Exercise prompt
From the entries below, transcribe exactly the lines between the line holding "Новогодняя декупажная карта" and the line holding "课堂教学竞赛和教学创新大赛初", inclusive; skip all other lines.

Information shown

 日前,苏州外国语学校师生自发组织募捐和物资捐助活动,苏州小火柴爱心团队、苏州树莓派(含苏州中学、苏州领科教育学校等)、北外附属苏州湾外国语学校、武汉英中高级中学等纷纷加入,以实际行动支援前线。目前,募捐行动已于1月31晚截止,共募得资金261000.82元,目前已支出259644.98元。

* * *

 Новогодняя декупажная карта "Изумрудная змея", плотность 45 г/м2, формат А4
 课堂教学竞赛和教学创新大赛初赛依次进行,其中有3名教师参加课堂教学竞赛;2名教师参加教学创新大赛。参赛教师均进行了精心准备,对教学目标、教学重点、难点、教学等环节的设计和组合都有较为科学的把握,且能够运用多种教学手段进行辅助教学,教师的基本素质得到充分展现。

Response
 Новогодняя декупажная карта "Изумрудная змея", плотность 45 г/м2, формат А4
 课堂教学竞赛和教学创新大赛初赛依次进行,其中有3名教师参加课堂教学竞赛;2名教师参加教学创新大赛。参赛教师均进行了精心准备,对教学目标、教学重点、难点、教学等环节的设计和组合都有较为科学的把握,且能够运用多种教学手段进行辅助教学,教师的基本素质得到充分展现。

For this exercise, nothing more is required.